● **Listed entries**:
○ ○ ○ ○ ○
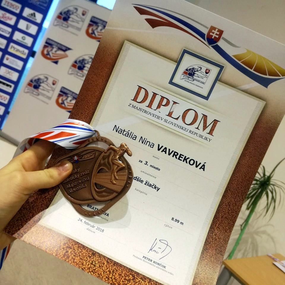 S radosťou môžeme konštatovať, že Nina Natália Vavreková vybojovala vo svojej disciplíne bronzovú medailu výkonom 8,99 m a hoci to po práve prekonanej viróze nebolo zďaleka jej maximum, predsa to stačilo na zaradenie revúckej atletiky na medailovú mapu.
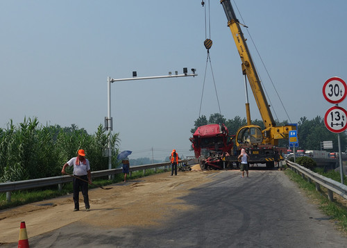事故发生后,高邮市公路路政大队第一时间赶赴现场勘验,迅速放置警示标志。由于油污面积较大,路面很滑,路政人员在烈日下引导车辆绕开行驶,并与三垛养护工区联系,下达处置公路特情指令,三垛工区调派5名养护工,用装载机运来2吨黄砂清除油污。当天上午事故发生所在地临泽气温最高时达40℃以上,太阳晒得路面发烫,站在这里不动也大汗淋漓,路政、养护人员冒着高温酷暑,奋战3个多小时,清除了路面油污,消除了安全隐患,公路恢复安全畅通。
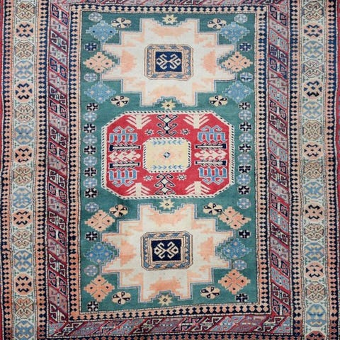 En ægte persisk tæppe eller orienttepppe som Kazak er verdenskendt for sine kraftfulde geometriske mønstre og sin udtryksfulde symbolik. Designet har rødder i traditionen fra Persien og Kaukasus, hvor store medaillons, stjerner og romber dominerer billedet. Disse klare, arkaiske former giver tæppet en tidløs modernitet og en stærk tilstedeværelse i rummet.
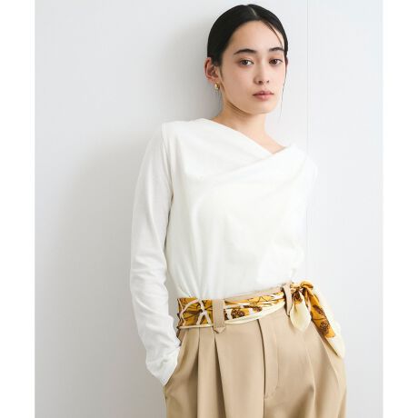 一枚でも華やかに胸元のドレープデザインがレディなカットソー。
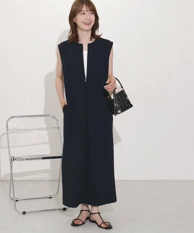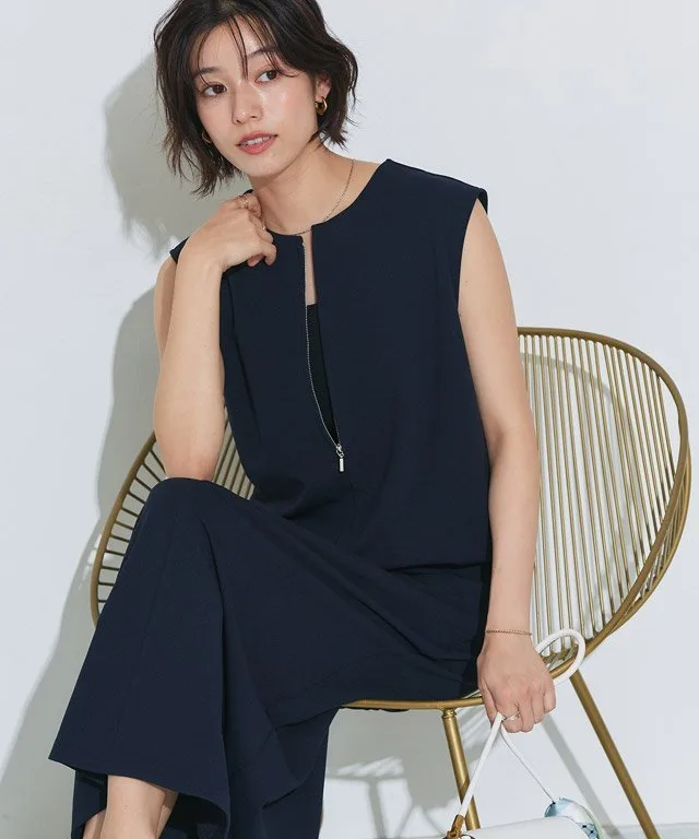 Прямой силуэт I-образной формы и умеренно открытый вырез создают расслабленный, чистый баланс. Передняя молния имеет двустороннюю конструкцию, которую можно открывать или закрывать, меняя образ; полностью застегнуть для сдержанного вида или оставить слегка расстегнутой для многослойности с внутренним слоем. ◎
○ ○ ○ ○ ○
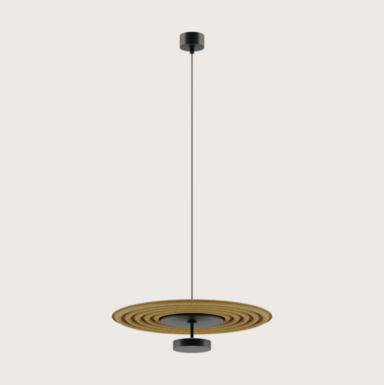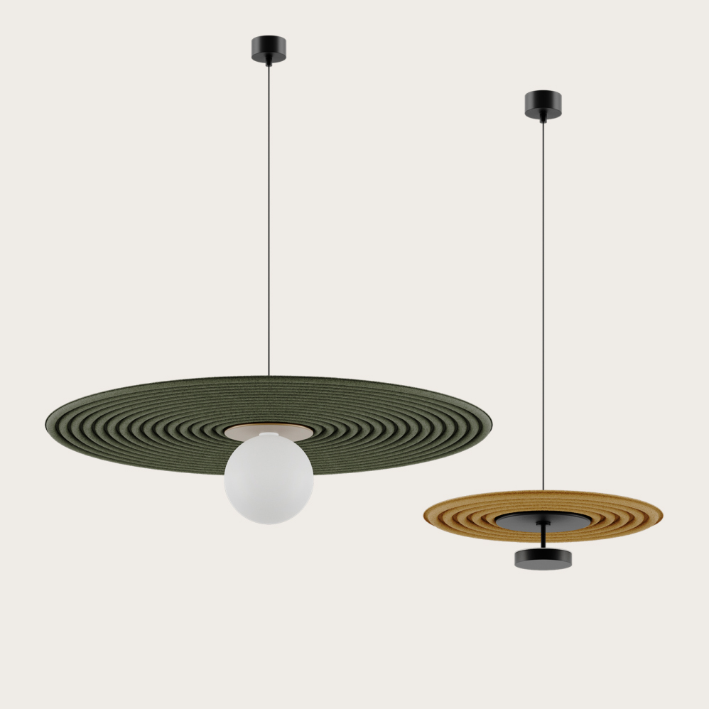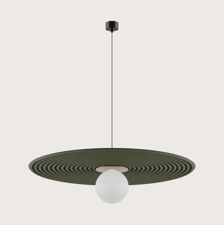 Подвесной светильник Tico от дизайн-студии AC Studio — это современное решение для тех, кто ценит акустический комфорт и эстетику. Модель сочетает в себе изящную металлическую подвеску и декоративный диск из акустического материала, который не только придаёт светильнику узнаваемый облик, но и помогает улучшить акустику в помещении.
○ ○ ○ ○ ○
● **Task brief**:
Give back exactly the lines above that run from the one with "S radosťou môžeme" to the one with "事故发生后,高邮市公路路政大", including both, with the pictures left out.

● **Response area**:
 S radosťou môžeme konštatovať, že Nina Natália Vavreková vybojovala vo svojej disciplíne bronzovú medailu výkonom 8,99 m a hoci to po práve prekonanej viróze nebolo zďaleka jej maximum, predsa to stačilo na zaradenie revúckej atletiky na medailovú mapu.
事故发生后,高邮市公路路政大队第一时间赶赴现场勘验,迅速放置警示标志。由于油污面积较大,路面很滑,路政人员在烈日下引导车辆绕开行驶,并与三垛养护工区联系,下达处置公路特情指令,三垛工区调派5名养护工,用装载机运来2吨黄砂清除油污。当天上午事故发生所在地临泽气温最高时达40℃以上,太阳晒得路面发烫,站在这里不动也大汗淋漓,路政、养护人员冒着高温酷暑,奋战3个多小时,清除了路面油污,消除了安全隐患,公路恢复安全畅通。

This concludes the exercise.